Deciphering the interplay between plant microbiomes and crop production is challenging. Data mining can be used to extract taxonomic composition, gene functions, and associations between plant microbiomes and host plant phenotypes. AI, boosted by ML and DL advancements, is being explored as a solution to meet some of the challenges associated with data size and complexity when considering the plant microbiome in cropping systems.
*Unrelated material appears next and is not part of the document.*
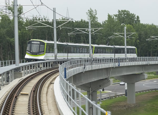 A Réseau express métropolitain (REM) light-rail system train on the tracks in Brossard, Que., on July 28.Christinne Muschi/The Canadian Press
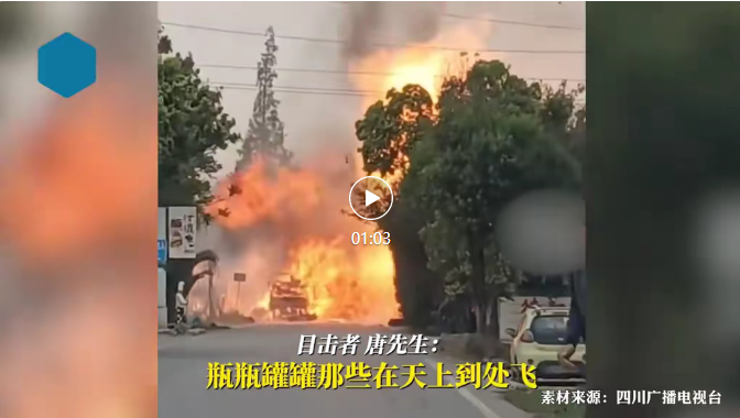 4月9日下午,四川德陽市旌陽區(qū)東湖街道大地村境內(nèi),一輛運(yùn)送液化氣罐的;奋囕v發(fā)生起火爆炸。 據(jù)附近目擊者介紹,9日下午3時(shí)左右,一輛運(yùn)送液化氣罐的貨車起火后,駕駛員棄車逃生,車上的氣罐隨后發(fā)生爆炸,有些被炸飛,“先后聽到十多聲爆炸聲”,周圍村民家的玻璃被震爛了不少。 “火很大,太嚇人了!”該目擊者稱,剛開始還有人在遠(yuǎn)處拍攝,發(fā)生爆炸后,拍攝者連忙離開了現(xiàn)場。隨后,民警、消防員、120醫(yī)務(wù)人員趕到,民警立即對現(xiàn)場進(jìn)行臨時(shí)管制,消防員隨后將火撲滅。 從參與救援的人員處獲悉,該起事故未造成人員傷亡。目前,起火原因正在進(jìn)一步調(diào)查中。

The diverse sources of ‘omics’ data present a good opportunity for AI to predict agronomic outcomes by combining information from plant-associated microbes, plant genomes, and soil properties, as well as climate conditions. AI is advantageous in analyzing high-dimensional variables, processing data with flexible architectures, and extracting intrinsic patterns from phytomicrobiome data without complex and skill-required feature selection. Such abilities make AI very suitable for speculating key information from microbiome data, which have high-dimensionality and incomplete databases. By predicting the plant growth status in the field, AI can also integrate plant genomes through genome prediction techniques. Plant traits such as disease resistance vary in the field because of multi-lateral interactions among plant genomes, the dynamics of the pathogen population, microbe composition, and interactions across environments. Genome prediction with AI can take full advantage of the available data to predict the breeding values of individuals while avoiding the high cost of phenotyping all individuals. High-throughput plant phenotyping in the field also makes it possible to gather large amounts of data that can be integrated into the models and that can predict plant phenotypes. By combining diverse sets of data on microbiomes, plant pathogens, phenomics, crop genomics, and climate data, it is also possible to predict crop performance and the occurrences of pathogen outbreaks. While the application of AI in the above-mentioned areas may still be in its infancy, many application-specific tools are now being put into practice; they have been demonstrated to be remarkably efficient and accurate, and they may be ushering in a new era of AI-driven crop research.

Author Contributions

W.G.D.F. and L.Z. conceived this manuscript. L.Z. performed the literature search, summarization, and manuscript preparation. S.W. provided insights on microbiome research, manuscript structure and organization, thought-flows for sections, and figure preparation. All authors have read and agreed to the published version of the manuscript.

Funding

This research was supported by Canola CAP, and was awarded to Dilantha Fernando, SaskCanola, MB Canola Growers, and the Alberta Canola Growers Commission (project number: 22996).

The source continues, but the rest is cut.